In this cross sectional study, 48 patients with HAM/TSP who were referred to Qaem Hospital in Mashhad from October 2010 to October 2011 were evaluated for various indices, including SSEPs of the median nerve for N9, N11, N13, and N20 waveforms and also N11–13 and N13–20 Inter Peak Latency (IPL), severity of disease (based on Osama criteria), disease duration (less or more than 2 years), age, and gender. SPSS software was used for data analysis. The t-test was used for quantitative data, and the chi-squared test was used for the qualitative variables.
Thirty-four patients (70.2%) were females. The mean age was 45.6 ± 14.2 years. About SSEPs indices of the median nerve, N9 and N11 were normal in all patients, but N13 (50%), N20 (16.7%), IPL11–13 (58.3%), and IPL13–20 (22.9%) were abnormal. No significant relationships were found between age, gender, disease duration, and SSEPs indices (p > 0.05), but IPL11–13 and IPL13–20 had significant relationships with disease disability (p = 0.017 and p = 0.01, respectively).
Despite the lack of obvious complaints of upper limbs, SSEPs indices of the median nerve from the cervical spinal cord to the cortex were abnormal, which indicated extension of the lesion from the thoracic spinal cord up to the cervical spinal cord and thalamocortical pathways. Also, abnormalities in the cervical spinal cord had a direct correlation with the severity of disability in patients with HAM/TSP.

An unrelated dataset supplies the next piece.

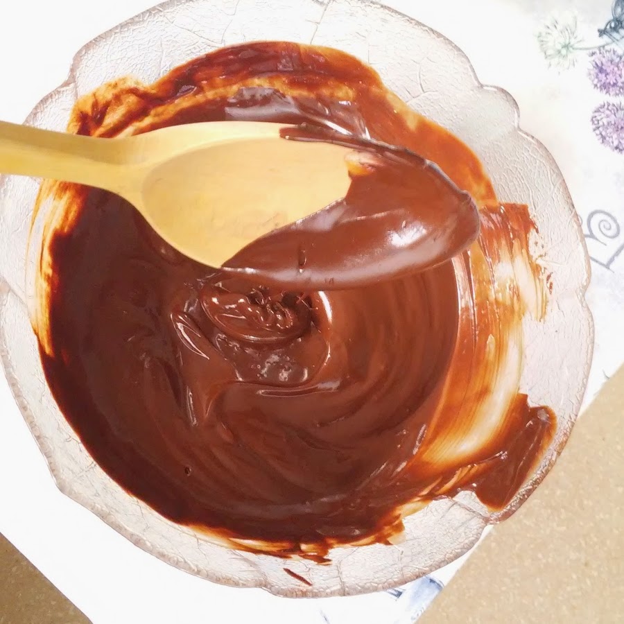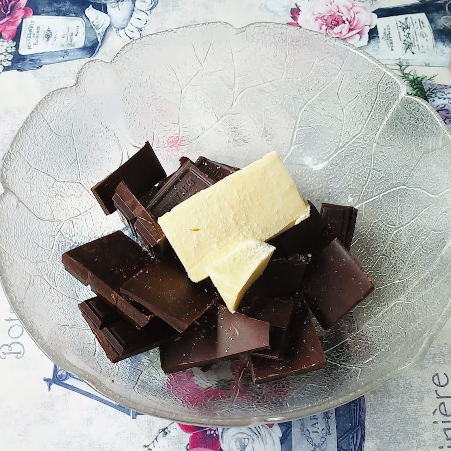 Fundimos el chocolate con la mantequilla en el microondas o en un cazo al baño Maria. Añadimos una pizca de sal.
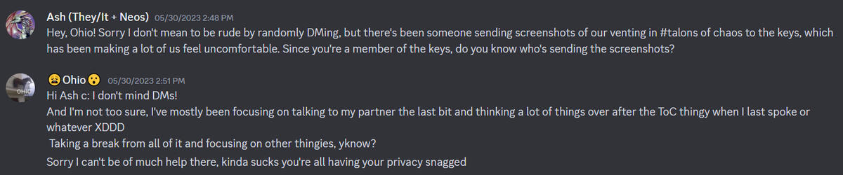Mars and Blade were affiliated with the Keys, as shown by the fact that they both put a "key" symbol in their bios. This group was shown to request access to private venting channels about Talons of Peace only to share complaints with anyone they knew personally that was discussed.Ohio, an adult member of the Keys, joined Talons of Chaos to leak our vents to the Keys at the request of Mars and Blade. Mars admitted that both he and Blade were involved with spying on Talons of Chaos, and they have not faced any repercussions.

The Human T-lymphotropic virus Type I (HTLV-1) is a retrovirus that accounts for several human diseases (1–7). Two of the most frequent diseases induced by HTLV-I are Adult T-cell Leukemia/Lymphoma (ATLL) (8) and chronic progressive myelopathy, called HTLV-I Associated Myelopathy/Tropical Spastic Paraparesis (HAM/TSP) (2). Individuals are at higher risk in endemic regions of the world, including Iran and Khorasan Province in particular (9). HAM/TSP is described as the gradual onset of slowly progressive myelopathy, which predominately involves the corticospinal tract and is presented by sensory, motor, and urinary function impairments (10, 11). The diagnosis is based on clinical findings corroborated with detection of HTLV-I antibodies in serum and cerebrospinal fluid (CSF) (12). Polymerase chain reaction (PCR) can be used on peripheral blood and CSF cells of infected individuals as well (13). Expansion and infiltration of immunocompetent mononuclear cells directed against viral antigens on the surface of infected T-cells in CNS section might be responsible for the pathology of HAM/TSP (14). Numerous electrophysiological studies have been administered to elucidate and establish the extent of CNS involvement in patients with HAM/TSP (15–18). Somatosensory evoked potentials (SSEPs) are a series of waves that reflect the sequential activation of neural structures along the somatosensory ascending tracts. Suga et al. (1999) showed that the central motor and sensory conduction times were abnormal in patients with HAM/TSP (19). Despite the fact that HAM/TSP typically affects the lower extremities, corresponding neurological abnormalities of the upper extremities (i.e., pathologic hyper reflexia) (20) are seen in a minority of patients; therefore, we conducted this study to determine the extent of the central nervous system’s engagement, particularly the cervical spinal cord, in HAM/TSP patients by obtaining somatosensory evoked potentials (SSEPs) of the median nerve.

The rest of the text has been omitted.